Synopsis The White Goddess by : Robert Graves

The White Goddess is perhaps the finest of Robert Graves's works on the psychological and mythological sources of poetry. In this tapestry of poetic and religious scholarship, Graves explores the stories behind the earliest of European deities—the White Goddess of Birth, Love, and Death—who was worshipped under countless titles. He also uncovers the obscure and mysterious power of "pure poetry" and its peculiar and mythic language.

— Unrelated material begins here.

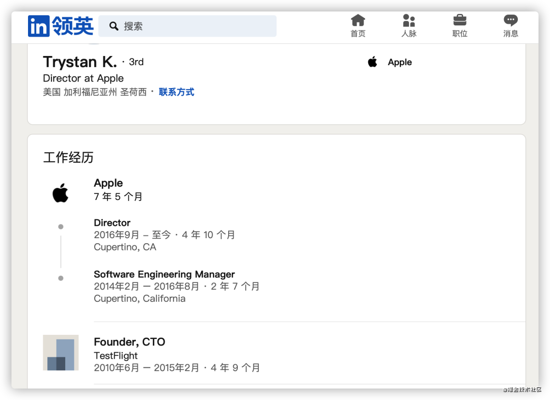 从这2张图片,大家有没有发现什么,这个兄弟的前一个公司和职位!没错!TestFlight 的创始人和CTO,苹果在2015年收购的公司,变成了如今的 TestFlight 测试工具!所以,也是技术大佬啊!膜拜~

The Lost Civilization of Lemuria

The Lost Civilization of Lemuria
Author :
Publisher : Simon and Schuster
Total Pages : 325
Release :
ISBN-10 : 9781591439493
ISBN-13 : 1591439493
Rating : 4/5 (93 Downloads)

Synopsis The Lost Civilization of Lemuria by : Frank Joseph

A compelling new portrait of the lost realm of Lemuria, the original motherland of humanity • Contains the most extensive and up-to-date archaeological research on Lemuria • Reveals a lost, ancient technology in some respects more advanced than modern science • Provides evidence that the perennial philosophies have their origin in Lemurian culture Before the Indonesian tsunami or Hurricane Katrina’s destruction of New Orleans, there was the destruction of Lemuria. Oral tradition in Polynesia recounts the story of a splendid kingdom that was carried to the bottom of the sea by a mighty “warrior wave”--a tsunami. This lost realm has been cited in numerous other indigenous traditions, spanning the globe from Australia to Asia to the coasts of both South and North America. It was known as Lemuria or Mu, a vast realm of islands and archipelagoes that once sprawled across the Pacific Ocean. Relying on 10 years of research and extensive travel, Frank Joseph offers a compelling picture of this mother­land of humanity, which he suggests was the original Garden of Eden. Using recent deep-sea archaeological finds, enigmatic glyphs and symbols, and ancient records shared by cultures divided by great distances that document the story of this sunken world, Joseph painstakingly re-creates a picture of this civilization in which people lived in rare harmony and possessed a sophisticated technology that allowed them to harness the weather, defy gravity, and conduct genetic investigations far beyond what is possible today. When disaster struck Lemuria, the survivors made their way to other parts of the world, incorporating their scientific and mystical skills into the existing cultures of Asia, Polynesia, and the Americas. Totem poles of the Pacific Northwest, architecture in China, the colossal stone statues on Easter Island, and even the perennial philosophies all reveal their kinship to this now-vanished civilization.